Dans un contexte où les marchés évoluent rapidement et où les opportunités se jouent souvent à l’échelle internationale, beaucoup de startups ressentent le besoin d’accélérer leur réflexion sur le sujet. Mais entre ambition, contraintes opérationnelles, différences culturelles, enjeux de financement et choix stratégiques, le passage à l’international ne peut pas se résumer à une simple opportunité de croissance. Il demande une véritable préparation.

C’était précisément l’objectif de ces sessions : aider les startups à passer de l’intention à l’action, en leur apportant des repères concrets, des retours d’expérience et des outils directement applicables.

Une première journée pour ouvrir les perspectives

La première journée avait pour ambition de poser les bases d’une réflexion stratégique autour de l’internationalisation avec une intro par Benjamin Morin (SGPI, France 2030).

Nous avons commencé par donner la parole à plusieurs entrepreneurs ayant déjà franchi le cap du développement à l’étranger. Dont Luigi LENGUITO (BforeAI), Guillaume CHAPIAT (Gitguardian), Anouck TELLIER (Harfanglab), Dominique MEURISSE (Imperium) et Reem LABABIDI (IMTI).

À travers des trajectoires très différentes, expansion rapide sur plusieurs marchés, implantation progressive, adaptation produit ou partenariats locaux, ces échanges ont permis de montrer qu’il n’existe pas un modèle unique d’internationalisation.

Ces retours d’expérience ont surtout mis en lumière une réalité essentielle : réussir à l’international ne repose pas sur la qualité d’un produit ou d’une technologie. Cela implique de comprendre un marché, de savoir s’adapter, de choisir le bon timing et de structurer progressivement son organisation.

Au-delà de l’inspiration, cette première journée a également permis d’aborder un sujet souvent décisif mais parfois sous-estimé : les moyens nécessaires pour soutenir une stratégie internationale.

Financements publics, dispositifs européens, accompagnement à l’export, attentes des investisseurs… plusieurs experts sont intervenus pour donner une vision plus claire des ressources mobilisables et des leviers de financement existants : Marc DELAGE (IMT),  Olivier PEQUIGNOT (ANSSI), Arthur CAHUZAC (BPI), William LECAT (Auriga Cyber Ventures).

L’objectif était de permettre aux startups de mieux comprendre comment financer une expansion internationale, mais aussi d’anticiper les implications humaines, organisationnelles et financières qu’un tel développement implique.

Une deuxième journée plus opérationnelle

La deuxième journée était construite dans une logique plus opérationnelle.

Après les interventions de Véronique BOUVELLE (BPE), Andrea VAUGAN (ECA), Business France, Elodie FOSTER, Fadwa BELHADJ, Malak EL MAHAMOUDI (Team France Export), les startups ont travaillé sur les enjeux liés à la lecture des marchés internationaux : identifier les opportunités réelles, analyser les risques, comprendre les différences réglementaires, culturelles ou commerciales, et éviter certaines erreurs classiques observées lors des premières phases d’expansion.

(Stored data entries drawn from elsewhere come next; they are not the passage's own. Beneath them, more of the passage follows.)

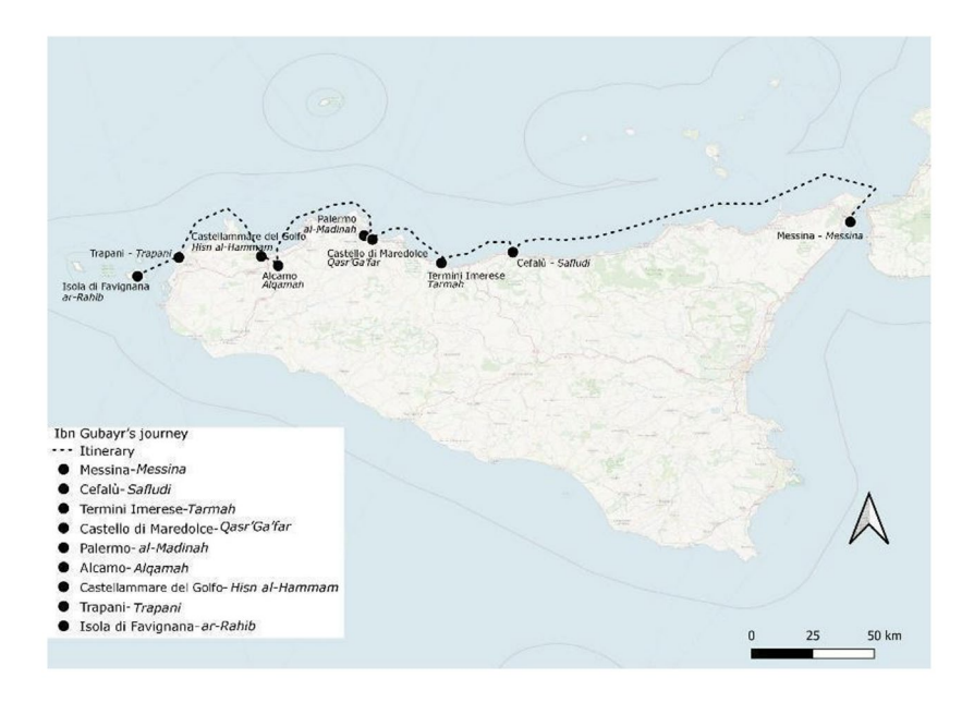
Fig. 1 – Gubayr's landings in Sicily. The map shows both the current place names and, in italics, those attributed by Gubayr.
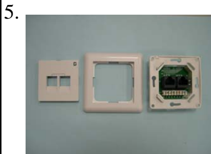
Separate frame from base housing.
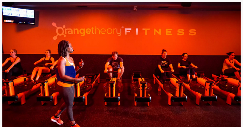
Orangetheory Fitness Center

DUBAI, UNITED ARAB EMIRATES, May 19, 2022 /EINPresswire.com/ -- Orange Theory Fitness, an international fitness brand operating in Dubai announced that Prism Digital has won a competitive bid for its marketing mandate. Prism, a leading digital marketing agency in Dubai will be managing the entire suite of ATL, BTL, and Online advertising including website development, social media management, running paid advertising campaigns as well as handling photo and video production for the brand to produce amazing local content for the region

Plusieurs ateliers ont ensuite permis aux participants de prendre du recul sur leur propre situation en testant leur discours, leur sales deck et globalement en questionnant leur sales playbook.

À travers des outils d’analyse et des échanges collectifs, les startups ont pu évaluer leur niveau de maturité internationale, clarifier leurs priorités et commencer à structurer une approche plus cohérente.

L’enjeu n’était pas d’apporter des réponses toutes faites, mais plutôt d’aider chaque équipe à construire une réflexion adaptée à son stade de développement, à son secteur et à ses ambitions.

Faire évoluer les perspectives

En deux jours, l’objectif n’était évidemment pas de couvrir l’ensemble des problématiques liées à l’internationalisation.

Il s’agissait de permettre aux dirigeants de prendre conscience des enjeux et de poser les bases d’une future trajectoire internationale. 

Ces sessions ont permis de rappeler qu’un développement international réussi repose autant sur une vision claire que sur la capacité à aligner stratégie, moyens et exécution.

Dans un environnement où l’international peut devenir un formidable accélérateur de croissance, mais aussi un facteur important de complexité, prendre le temps de structurer sa démarche reste une étape essentielle.

L’international ne se construit pas en un jour. Mais il commence souvent par une réflexion bien accompagnée.